Para o fim deixei três trabalhos muito diferentes e que distinguem pelo seu olhar ou mais profundo, ou mais desafiador:
- The Geopolitics of France é um livro electrónico preparado e vendido (muito caro, aviso já), pela Statffor, que não li mas cuja introdução e arranque me pareceram suficientemente interessantes para vo-lo sugerir. Como se escreve na apresentação, “Uniquely, France is a Northern and Southern European power. But while this positions France to dominate Europe, it rarely has the size to do so. This monograph explains how while France is nearly always engaged in Europe, it is only rarely ascendant.” Uma parte deste destino tem a ver com o que é imutável (ou quase), como a geografia, e aí o livro abre logo com um mapa muito interessante (abaixo) e com uma introdução geográfica à Europa onde se chama a atenção para a “planície norte-europeia” e para o papel que ela desempenhou e desempenha. Ora olhando para o mapa vemos logo a própria geografia cria logo “duas Franças”.
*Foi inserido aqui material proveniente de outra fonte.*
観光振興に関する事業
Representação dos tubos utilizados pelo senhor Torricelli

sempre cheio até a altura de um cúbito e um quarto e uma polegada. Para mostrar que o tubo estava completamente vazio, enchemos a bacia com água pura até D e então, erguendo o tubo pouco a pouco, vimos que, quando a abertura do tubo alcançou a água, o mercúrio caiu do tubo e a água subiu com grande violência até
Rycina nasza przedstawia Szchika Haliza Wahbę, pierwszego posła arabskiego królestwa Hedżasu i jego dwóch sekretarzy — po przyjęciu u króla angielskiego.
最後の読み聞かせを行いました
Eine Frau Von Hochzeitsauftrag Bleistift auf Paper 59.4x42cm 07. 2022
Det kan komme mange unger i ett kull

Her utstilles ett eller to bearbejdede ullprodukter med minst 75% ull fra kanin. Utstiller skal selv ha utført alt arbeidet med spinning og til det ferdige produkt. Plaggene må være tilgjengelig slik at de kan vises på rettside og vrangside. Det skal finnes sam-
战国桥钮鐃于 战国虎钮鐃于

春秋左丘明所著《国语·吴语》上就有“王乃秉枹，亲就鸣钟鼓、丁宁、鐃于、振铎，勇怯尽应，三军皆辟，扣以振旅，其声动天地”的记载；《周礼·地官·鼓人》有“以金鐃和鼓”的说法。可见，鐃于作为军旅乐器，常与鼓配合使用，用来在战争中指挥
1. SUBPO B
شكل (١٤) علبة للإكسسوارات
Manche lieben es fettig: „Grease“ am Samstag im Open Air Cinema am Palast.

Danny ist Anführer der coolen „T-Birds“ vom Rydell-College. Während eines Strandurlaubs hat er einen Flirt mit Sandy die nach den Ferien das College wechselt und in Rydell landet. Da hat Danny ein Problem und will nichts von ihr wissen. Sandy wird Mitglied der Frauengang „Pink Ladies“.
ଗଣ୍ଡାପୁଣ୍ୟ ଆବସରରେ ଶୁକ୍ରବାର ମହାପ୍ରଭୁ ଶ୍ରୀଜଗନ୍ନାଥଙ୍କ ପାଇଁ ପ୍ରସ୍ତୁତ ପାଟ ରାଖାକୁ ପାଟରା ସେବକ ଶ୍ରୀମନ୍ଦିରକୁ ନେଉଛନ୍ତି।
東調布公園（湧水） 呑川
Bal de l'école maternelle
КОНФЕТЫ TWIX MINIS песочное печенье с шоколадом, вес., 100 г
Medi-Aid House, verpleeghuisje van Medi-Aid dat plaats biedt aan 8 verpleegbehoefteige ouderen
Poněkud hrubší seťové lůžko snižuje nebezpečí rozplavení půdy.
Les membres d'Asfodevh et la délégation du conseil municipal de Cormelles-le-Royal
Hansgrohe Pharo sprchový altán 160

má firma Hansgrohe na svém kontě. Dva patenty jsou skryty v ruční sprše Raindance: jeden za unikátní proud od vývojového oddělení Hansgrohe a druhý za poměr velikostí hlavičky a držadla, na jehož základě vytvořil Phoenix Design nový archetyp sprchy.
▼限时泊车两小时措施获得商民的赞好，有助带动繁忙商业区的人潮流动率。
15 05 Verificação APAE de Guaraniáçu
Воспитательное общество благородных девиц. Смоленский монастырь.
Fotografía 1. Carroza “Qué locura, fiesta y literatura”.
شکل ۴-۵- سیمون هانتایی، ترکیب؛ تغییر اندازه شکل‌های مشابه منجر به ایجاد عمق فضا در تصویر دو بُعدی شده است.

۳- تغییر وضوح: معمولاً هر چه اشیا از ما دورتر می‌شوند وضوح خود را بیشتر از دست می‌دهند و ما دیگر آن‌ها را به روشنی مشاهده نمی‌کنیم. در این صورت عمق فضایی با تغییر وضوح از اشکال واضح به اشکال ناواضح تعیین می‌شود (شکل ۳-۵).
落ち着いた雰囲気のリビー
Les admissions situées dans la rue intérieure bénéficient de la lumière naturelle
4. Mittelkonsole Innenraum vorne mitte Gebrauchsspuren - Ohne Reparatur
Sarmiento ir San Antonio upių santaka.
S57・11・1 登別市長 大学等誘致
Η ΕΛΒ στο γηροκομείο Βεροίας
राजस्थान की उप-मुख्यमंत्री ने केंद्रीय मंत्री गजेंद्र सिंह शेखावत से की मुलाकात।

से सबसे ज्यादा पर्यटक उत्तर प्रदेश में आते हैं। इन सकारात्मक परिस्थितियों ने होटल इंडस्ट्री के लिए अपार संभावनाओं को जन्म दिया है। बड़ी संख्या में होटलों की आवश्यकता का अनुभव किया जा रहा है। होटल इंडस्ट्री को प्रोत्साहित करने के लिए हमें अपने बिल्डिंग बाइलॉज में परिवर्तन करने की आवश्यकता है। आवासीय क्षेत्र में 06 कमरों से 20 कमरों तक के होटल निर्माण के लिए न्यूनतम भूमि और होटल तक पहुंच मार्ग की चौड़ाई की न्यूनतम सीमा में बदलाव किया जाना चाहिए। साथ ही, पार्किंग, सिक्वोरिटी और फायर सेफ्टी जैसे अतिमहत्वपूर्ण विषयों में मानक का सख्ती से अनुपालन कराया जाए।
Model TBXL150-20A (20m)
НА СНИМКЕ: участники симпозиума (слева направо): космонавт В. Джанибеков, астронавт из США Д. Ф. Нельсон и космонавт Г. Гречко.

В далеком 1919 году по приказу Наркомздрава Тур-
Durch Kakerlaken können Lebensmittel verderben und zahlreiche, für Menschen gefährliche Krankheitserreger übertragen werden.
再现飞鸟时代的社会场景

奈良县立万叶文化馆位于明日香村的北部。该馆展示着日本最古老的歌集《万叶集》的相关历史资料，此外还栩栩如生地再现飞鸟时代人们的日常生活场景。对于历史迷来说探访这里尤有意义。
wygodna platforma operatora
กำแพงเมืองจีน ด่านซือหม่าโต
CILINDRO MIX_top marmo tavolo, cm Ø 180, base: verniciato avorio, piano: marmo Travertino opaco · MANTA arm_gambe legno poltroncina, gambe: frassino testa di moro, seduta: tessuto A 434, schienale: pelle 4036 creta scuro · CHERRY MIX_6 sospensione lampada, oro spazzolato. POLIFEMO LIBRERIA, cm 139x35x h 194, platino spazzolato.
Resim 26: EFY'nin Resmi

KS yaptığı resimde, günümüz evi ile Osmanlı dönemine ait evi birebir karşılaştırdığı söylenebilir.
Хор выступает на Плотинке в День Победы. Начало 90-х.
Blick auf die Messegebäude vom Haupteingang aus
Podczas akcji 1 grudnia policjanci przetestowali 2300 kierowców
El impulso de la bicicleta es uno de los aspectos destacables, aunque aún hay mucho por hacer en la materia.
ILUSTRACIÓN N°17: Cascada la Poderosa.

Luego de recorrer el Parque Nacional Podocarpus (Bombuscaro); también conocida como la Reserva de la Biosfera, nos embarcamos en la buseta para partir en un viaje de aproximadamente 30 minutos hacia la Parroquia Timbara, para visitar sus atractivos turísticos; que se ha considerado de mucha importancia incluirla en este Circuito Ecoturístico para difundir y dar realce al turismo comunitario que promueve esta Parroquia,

- Is Marine Le Pen really far-right?, de Douglas Murray na Spectator, é uma análise tão provocatória como penetrante à facilidade – facilidade errada e perigosa – com que se tende a colocar no mesmo saco de uma alegada “extrema-direita” o que nem sempre o é. Só que, “By smearing all opponents as fascists, the left blurs the line between democracy and thuggery”. Eis uma parte do argumento: “What is ‘far-right’? With the progress of Marine Le Pen to France’s presidential run-off, the term has been liberally used — as it has been over recent years across the West. Golden Dawn in Greece, Jobbik in Hungary, and the Sweden Democrats are all said to be far-right, to name but three. The fact that the first two of those groups engage in intimidation, racism and overt displays of political violence would ordinarily distinguish them from a peaceful democratic party opposed to mass immigration like the Sweden Democrats. Yet everywhere there is the same name creep.”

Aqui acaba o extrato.